Neef nodded and said, “I’m afraid so. Charlie’s riddled, to use their words.”
“What the fuck is going on?” exclaimed MacSween, his voice a hoarse mixture of anger and frustration.
“We’d better get the Public Health people over here right away,” said Neef. “We’ve got to try and make some sense of this before we have a major outbreak on our hands.”
“A major outbreak of what?” asked MacSween, looking as puzzled as he sounded.
Neef understood MacSween’s dilemma. He had used the phrase without thinking. You had outbreaks of food poisoning, not cancer. You couldn’t have an outbreak of cancer. “To tell you the truth, I’ve no bloody idea,” he confessed.
Neef returned to his own office and called Lennon at the Public Health Service. He wasn’t in the building but on hearing who was calling, Neef was given a mobile number. Lennon answered against a background of traffic noise.
“I think we should have a meeting as soon as possible,” said Neef. “There’s been another development.”
“Another case?”
“Yes, a baby in Yorkshire.”
“Would you repeat that?”
“You heard correctly. The baby was the grandson of our pathologist, Frank MacSween.”
“Bloody hell,” said Lennon. “I can get there about five?”
“That’s fine. We have to talk.”
Neef looked at his watch. It was three thirty. If Eve was in visiting Neil this afternoon, he would tell her about the remission being over. Neil hadn’t been feeling too well that morning. She’d probably suspect that something was wrong anyway. Better to tell her outright. He called through to the duty room on the internal line and asked the staff nurse if Eve was in the unit.
“Miss Sayers arrived about three o’clock,” replied the nurse.
Neef walked along to Neil’s room and paused when he saw Eve through the glass. She was reading Neil a story. He was not his usual self. He was lying quietly beneath the blankets on his bed, his eyes peeping out the top. They never left Eve.
Neef entered the room quietly and approached the bed. “Hello, you two,” he said softly, squatting down on his haunches beside Eve who was sitting on a chair with the story book across her knees. “I suppose I’m interrupting as usual?”
“You certainly are,” replied Eve. “We were just getting to the bit where the wolf starts to huff and puff.”
Neef looked at Eve and saw in her eyes that she knew something was wrong. She was acting a part.”
“In that case, I’d better not interrupt any more,” said Neef. “Perhaps we could have a word before you go?” he said to Eve.

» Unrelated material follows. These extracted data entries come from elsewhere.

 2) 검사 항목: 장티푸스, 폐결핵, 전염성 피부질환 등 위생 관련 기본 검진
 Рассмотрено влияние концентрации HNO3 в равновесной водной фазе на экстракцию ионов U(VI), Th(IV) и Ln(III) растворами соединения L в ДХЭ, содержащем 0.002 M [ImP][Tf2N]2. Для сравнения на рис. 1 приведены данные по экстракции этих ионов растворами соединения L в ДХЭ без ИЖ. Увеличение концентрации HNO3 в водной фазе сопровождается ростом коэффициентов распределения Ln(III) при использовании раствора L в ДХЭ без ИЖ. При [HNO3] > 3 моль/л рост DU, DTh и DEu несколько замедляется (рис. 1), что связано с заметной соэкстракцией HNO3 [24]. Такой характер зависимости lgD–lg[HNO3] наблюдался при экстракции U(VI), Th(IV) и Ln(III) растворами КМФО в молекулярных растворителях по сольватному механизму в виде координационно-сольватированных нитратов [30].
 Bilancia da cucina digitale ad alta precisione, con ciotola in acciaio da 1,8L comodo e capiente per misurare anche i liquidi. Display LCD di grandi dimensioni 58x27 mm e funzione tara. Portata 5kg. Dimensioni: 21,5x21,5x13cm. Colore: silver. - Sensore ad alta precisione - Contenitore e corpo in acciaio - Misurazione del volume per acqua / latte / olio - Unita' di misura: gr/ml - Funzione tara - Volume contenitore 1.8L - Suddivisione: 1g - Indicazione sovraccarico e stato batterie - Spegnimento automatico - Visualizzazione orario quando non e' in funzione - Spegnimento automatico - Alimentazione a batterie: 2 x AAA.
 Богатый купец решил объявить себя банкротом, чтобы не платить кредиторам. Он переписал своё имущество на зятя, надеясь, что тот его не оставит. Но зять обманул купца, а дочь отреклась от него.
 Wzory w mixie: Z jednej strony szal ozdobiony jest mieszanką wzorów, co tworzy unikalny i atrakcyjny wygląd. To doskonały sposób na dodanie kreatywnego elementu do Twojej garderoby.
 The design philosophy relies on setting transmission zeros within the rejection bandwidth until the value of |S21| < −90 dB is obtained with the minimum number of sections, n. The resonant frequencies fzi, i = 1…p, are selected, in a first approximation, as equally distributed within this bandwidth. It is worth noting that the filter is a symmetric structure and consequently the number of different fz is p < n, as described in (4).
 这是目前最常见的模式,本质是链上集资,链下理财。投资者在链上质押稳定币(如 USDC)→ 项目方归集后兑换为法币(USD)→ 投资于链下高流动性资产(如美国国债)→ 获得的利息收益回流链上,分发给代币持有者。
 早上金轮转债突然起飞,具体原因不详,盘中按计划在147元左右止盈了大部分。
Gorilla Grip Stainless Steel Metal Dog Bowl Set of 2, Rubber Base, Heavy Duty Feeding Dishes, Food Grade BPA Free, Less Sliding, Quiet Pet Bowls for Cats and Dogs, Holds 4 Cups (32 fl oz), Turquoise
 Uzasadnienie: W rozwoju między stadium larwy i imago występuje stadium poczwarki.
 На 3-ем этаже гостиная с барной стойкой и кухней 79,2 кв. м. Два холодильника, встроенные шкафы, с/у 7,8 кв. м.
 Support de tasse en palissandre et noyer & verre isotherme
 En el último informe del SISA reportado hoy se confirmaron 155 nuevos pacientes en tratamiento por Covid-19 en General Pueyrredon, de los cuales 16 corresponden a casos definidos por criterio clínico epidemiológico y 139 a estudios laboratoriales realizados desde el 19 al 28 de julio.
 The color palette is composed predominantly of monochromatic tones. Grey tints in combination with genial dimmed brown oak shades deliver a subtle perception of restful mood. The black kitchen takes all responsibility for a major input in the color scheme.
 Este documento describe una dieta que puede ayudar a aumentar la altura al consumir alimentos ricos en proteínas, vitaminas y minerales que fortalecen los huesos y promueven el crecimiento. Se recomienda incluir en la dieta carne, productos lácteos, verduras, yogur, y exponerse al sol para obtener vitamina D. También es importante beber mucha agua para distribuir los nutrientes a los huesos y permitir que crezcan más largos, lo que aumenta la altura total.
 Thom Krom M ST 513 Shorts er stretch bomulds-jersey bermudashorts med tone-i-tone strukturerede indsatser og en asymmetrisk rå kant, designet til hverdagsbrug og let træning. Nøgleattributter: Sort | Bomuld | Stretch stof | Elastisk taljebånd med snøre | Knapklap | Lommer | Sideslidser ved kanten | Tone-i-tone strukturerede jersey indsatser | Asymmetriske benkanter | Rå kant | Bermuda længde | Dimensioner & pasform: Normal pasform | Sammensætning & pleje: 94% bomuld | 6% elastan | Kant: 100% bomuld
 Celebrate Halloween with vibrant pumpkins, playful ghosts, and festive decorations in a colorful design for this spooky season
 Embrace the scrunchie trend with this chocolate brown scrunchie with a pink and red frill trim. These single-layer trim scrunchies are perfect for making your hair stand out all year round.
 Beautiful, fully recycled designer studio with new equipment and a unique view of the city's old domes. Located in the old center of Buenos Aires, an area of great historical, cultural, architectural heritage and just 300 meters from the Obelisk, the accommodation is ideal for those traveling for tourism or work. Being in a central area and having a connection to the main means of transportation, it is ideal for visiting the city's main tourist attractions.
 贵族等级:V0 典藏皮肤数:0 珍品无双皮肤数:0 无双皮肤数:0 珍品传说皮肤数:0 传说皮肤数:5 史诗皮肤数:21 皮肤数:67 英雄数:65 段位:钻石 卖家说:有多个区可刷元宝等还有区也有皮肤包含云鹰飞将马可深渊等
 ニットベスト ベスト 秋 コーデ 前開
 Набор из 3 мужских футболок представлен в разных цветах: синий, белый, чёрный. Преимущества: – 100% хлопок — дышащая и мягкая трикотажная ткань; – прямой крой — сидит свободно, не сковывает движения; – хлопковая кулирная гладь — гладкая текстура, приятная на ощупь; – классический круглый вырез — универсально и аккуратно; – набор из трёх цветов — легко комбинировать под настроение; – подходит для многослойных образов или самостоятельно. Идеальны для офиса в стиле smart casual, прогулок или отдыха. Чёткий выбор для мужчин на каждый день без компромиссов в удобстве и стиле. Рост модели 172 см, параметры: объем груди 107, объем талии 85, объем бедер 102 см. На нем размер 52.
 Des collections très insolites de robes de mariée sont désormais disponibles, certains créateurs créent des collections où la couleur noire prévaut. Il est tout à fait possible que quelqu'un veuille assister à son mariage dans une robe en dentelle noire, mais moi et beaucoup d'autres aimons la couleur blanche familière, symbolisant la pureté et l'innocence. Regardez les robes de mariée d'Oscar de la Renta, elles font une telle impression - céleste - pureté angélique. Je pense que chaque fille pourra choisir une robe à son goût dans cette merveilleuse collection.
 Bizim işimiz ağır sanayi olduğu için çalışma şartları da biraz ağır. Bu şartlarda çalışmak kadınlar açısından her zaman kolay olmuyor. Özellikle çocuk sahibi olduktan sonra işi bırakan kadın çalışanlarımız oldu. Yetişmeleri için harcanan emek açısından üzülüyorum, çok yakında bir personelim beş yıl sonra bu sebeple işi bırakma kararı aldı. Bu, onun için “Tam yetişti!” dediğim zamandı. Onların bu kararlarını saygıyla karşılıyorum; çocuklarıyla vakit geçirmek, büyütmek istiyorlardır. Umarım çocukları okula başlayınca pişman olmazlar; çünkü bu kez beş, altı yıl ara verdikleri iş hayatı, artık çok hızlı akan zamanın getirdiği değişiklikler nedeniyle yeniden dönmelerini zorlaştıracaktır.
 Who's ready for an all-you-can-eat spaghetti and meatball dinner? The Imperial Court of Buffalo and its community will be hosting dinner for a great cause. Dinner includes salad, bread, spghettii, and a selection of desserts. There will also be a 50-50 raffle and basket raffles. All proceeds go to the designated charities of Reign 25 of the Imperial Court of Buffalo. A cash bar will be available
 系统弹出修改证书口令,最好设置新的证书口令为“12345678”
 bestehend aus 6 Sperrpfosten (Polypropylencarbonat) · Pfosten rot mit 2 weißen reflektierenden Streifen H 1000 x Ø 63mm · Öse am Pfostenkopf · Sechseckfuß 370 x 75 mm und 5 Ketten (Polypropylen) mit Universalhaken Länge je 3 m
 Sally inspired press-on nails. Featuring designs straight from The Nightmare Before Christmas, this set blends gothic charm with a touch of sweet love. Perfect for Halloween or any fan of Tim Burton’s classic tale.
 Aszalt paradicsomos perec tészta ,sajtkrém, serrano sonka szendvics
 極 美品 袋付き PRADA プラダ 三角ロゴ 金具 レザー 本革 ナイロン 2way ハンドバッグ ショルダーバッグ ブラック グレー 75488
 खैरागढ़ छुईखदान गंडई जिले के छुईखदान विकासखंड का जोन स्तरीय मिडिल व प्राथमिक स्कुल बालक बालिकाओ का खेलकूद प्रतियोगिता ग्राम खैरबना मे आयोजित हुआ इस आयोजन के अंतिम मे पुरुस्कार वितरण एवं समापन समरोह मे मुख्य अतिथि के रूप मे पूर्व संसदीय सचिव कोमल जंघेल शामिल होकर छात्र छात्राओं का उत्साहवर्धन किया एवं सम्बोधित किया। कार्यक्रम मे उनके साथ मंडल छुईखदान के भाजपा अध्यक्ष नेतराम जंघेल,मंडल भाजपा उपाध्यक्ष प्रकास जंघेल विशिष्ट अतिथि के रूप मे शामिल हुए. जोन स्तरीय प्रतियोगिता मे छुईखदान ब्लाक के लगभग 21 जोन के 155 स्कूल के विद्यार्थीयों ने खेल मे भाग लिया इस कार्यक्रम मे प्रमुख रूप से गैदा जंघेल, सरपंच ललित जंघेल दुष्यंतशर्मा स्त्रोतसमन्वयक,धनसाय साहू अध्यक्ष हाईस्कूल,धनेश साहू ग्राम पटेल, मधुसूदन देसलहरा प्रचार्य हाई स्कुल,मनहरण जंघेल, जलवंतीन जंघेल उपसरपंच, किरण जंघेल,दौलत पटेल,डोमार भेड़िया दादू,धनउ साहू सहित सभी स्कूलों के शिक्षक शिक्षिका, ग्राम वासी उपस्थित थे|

Eve nodded with something approaching suspicion in her eyes. “Of course,” she said.
“See you later, Neely,” said Neef to Neil who blinked in reply.
Neef used the intervening time to tell Lawrence Fielding about Frank MacSween’s grandson.
“There’s something dreadfully wrong about all this,” said Fielding. “Charlie Morse getting it was stretching coincidence to the limit but now, Frank MacSween’s grandson, a baby... Makes you think we’re all at risk... from something we don’t really understand.”
Neef nodded. “If it’s any comfort I feel the same.” He told Fielding about the meeting to be held at five. “I’d like you to be there,” he said. “But not a word to anyone else, a staff panic is the last thing we need.”
“Understood,” said Fielding.
A gentle tap came to the door and Neef knew it was Eve. “Come in,” he said softly.
Eve entered and crossed the floor to his desk looking as if she was walking on burning coals. “Neil’s remission is over, isn’t it?” she said quietly.
“I’m afraid so,” replied Neef. “I suspected it when I looked at the side of his face by the river on Sunday. Lawrence Fielding has confirmed it; the tumour has started to grow again.”
“What kind of a God would let that happen to a kid like Neil? It makes no sense,” said Eve. “It makes you feel that life’s just so pointless.”